• What to produce
From the listing below, give again exactly the lines from the line with "Блуза прямого силуэта, с" to the line with "Paloturvakaappi S-CLASSIC-90. Hyväksytty", ends included, without any pictures.

• Supplied records

****

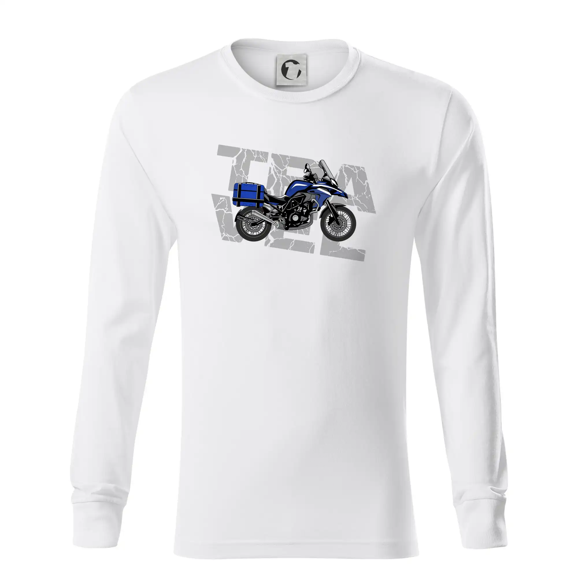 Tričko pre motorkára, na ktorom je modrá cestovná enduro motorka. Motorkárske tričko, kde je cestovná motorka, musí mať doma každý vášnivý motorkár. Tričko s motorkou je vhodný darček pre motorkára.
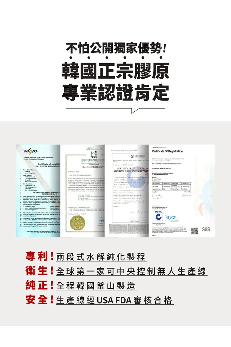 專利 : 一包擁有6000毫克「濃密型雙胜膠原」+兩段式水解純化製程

****

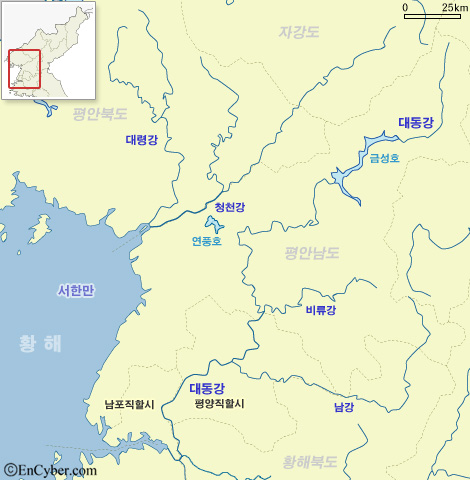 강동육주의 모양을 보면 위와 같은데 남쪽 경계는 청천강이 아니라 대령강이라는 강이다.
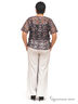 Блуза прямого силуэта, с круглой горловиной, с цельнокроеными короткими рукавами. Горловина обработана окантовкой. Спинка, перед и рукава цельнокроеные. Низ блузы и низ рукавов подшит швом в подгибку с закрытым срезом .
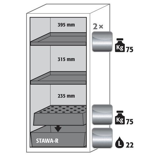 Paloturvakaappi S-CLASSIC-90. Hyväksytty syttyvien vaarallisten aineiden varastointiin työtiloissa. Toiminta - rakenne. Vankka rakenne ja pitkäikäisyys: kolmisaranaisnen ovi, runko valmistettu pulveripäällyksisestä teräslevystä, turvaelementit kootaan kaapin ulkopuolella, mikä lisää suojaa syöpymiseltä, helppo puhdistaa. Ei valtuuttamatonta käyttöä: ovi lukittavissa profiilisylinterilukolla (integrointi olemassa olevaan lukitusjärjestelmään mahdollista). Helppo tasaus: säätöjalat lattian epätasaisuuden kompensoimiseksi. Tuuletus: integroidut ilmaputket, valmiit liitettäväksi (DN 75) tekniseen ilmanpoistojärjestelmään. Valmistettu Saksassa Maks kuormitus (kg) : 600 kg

****

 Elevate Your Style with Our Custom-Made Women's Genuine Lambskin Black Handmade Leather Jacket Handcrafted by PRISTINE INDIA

****

• Response area
 Блуза прямого силуэта, с круглой горловиной, с цельнокроеными короткими рукавами. Горловина обработана окантовкой. Спинка, перед и рукава цельнокроеные. Низ блузы и низ рукавов подшит швом в подгибку с закрытым срезом .
 Paloturvakaappi S-CLASSIC-90. Hyväksytty syttyvien vaarallisten aineiden varastointiin työtiloissa. Toiminta - rakenne. Vankka rakenne ja pitkäikäisyys: kolmisaranaisnen ovi, runko valmistettu pulveripäällyksisestä teräslevystä, turvaelementit kootaan kaapin ulkopuolella, mikä lisää suojaa syöpymiseltä, helppo puhdistaa. Ei valtuuttamatonta käyttöä: ovi lukittavissa profiilisylinterilukolla (integrointi olemassa olevaan lukitusjärjestelmään mahdollista). Helppo tasaus: säätöjalat lattian epätasaisuuden kompensoimiseksi. Tuuletus: integroidut ilmaputket, valmiit liitettäväksi (DN 75) tekniseen ilmanpoistojärjestelmään. Valmistettu Saksassa Maks kuormitus (kg) : 600 kg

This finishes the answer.